A Shared Heart: The Civilian-Military Divide

myra headshot
myra headshot
Rabbi Myra Meskin

Director, BCI

Rabbi Myra Meskin is the Associate Director of the Maas Center for Jewish Journeys at the AJU, where she’s honored to walk with those engaging in meaningful identity formation through the Ziering BCI Program, the Miller Introduction to Judaism program, Marriage for Life, and the AJU Community Mikveh. A graduate of the Ziegler School of Rabbinic Studies at American Jewish University, she holds a Masters in Experiential Jewish Education from the Jewish Theological Seminary and studied in the Pardes Experiential Educators Program. She currently lives in Boston with her husband Rabbi Ben Gurin and their daughter Eleanor.

posted on November 10, 2021

On Veterans Day, we honor the veterans who served our nation and recognize those who have made personal sacrifices for our country and fought for our shared values. Other nations and times in history have seen mandatory conscription to the armed forces, but today the United States is blessed to have a volunteer military corps. While this reality is a blessing to those citizens for whom military service is not a personal ambition, it is also a reality that creates a divide of experience between civilians and service members, both past and present. What then might help us bridge that divide?

Let us look to chapter 20 of the book of Deuteronomy: the Israelites are given laws for how to conduct themselves in war, and before setting out to battle, the officers are to address the troops and say the following:

Who is the one who has built a new house but has not yet inhabited it? Let them go and return to their house, lest they die in the war and another person inhabit their house.

Who is the one who has planted a vineyard and has not yet harvested it? Let them go and return to their house, lest they die in the war and another person harvest it.

Who is the one who has been betrothed to a woman but has not yet taken her as a wife? Let them go and return to their house, lest they die in the war and another person marry her (Deuteronomy 20:5-7).

The idea here seems to be that if we leave something incomplete, we fall into a state of mind that the rabbis call trafe da’at - a torn mind - a mind pulled in various directions. Such a person would be distracted, of little use in an army, potentially even endangering the lives of others. According to Deuteronomy, we can become so distracted by our own unfinished business, that we are useless to serve any communal need. It is no wonder that the Hebrew word for wholeness (shalem) shares the same root as the word for peace (shalom), as often the feeling of completion is what brings us a sense of true peace.

A torn mind might not be how we articulate the reason we civilians abstain from military service; however, the idea that one’s mind must be fully committed when engaging in something as consuming and tactful as military action is not difficult to understand. It follows then that those who’ve volunteered for military service have sacrificed not only their physical health and safety, but also their time and efforts toward other goals they might wish to pursue in life, in order that their minds be focused and whole during their service. It is with this perspective that we can seek further guidance from Deuteronomy in how we might begin to acknowledge this effort given by our veterans.

Deuteronomy provides one last instruction in this (20:8):

Who is the one who is fearful and faint-hearted? Let them go and return to their house, lest their brother’s heart melt as their heart has.
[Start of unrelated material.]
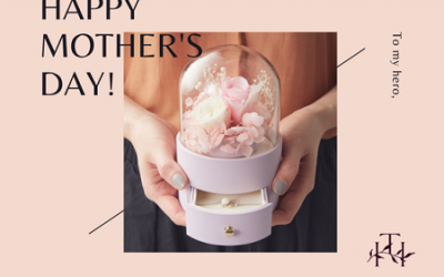 珠宝盒顶层是代表永恆的永生花装饰配孤形玻璃盖,以永不凋谢的花艺技术,保存着最盛放美丽的玫瑰,更代表着永恆的爱永生不灭,至诚表达出永续不断的讯息,寓意祝贺母亲健康长寿,而下层可放置手链或戒指等首饰,既精緻又实用,具高贵优雅的夜空蓝色与浪漫迷人的粉红色选择,更显珍 · 瑰。

In Rabbi Alan Lew's book, This is Real and You Are Completely Unprepared (p. 81), he teaches that what is implied by this statement is quite simple, but quite profound: we all share the same heart. In a dangerous situation, just one fearful person can affect the safety of us all, because in reality, we affect each other so much more deeply than any of us realize. From the outside, says Lew, we can tell where one of us ends and another one of us begins, but emotionally and spiritually, it is much less clear.

I believe that this reality – that we all share the same heart – is similarly the simple yet profound remedy to the divide often experienced between civilians and veterans. That when our life experiences differ, the answer is to seek unity with the hearts of those around us, that the joys and sorrows of their life experience might give us perspective and remind us of our greater and shared purpose. This Veterans Day, let us commit to sharing our hearts: show up for veterans at a local event, ask a veteran about their time in the military, write a letter to a veteran at a local VA hospital, look up your ancestry and learn about a family member who was a veteran, or find a myriad of other ways to connect hearts with a veteran.

In doing so, may we discover a oneness in our hearts that brings us comfort, strength, and a vision for a shared future.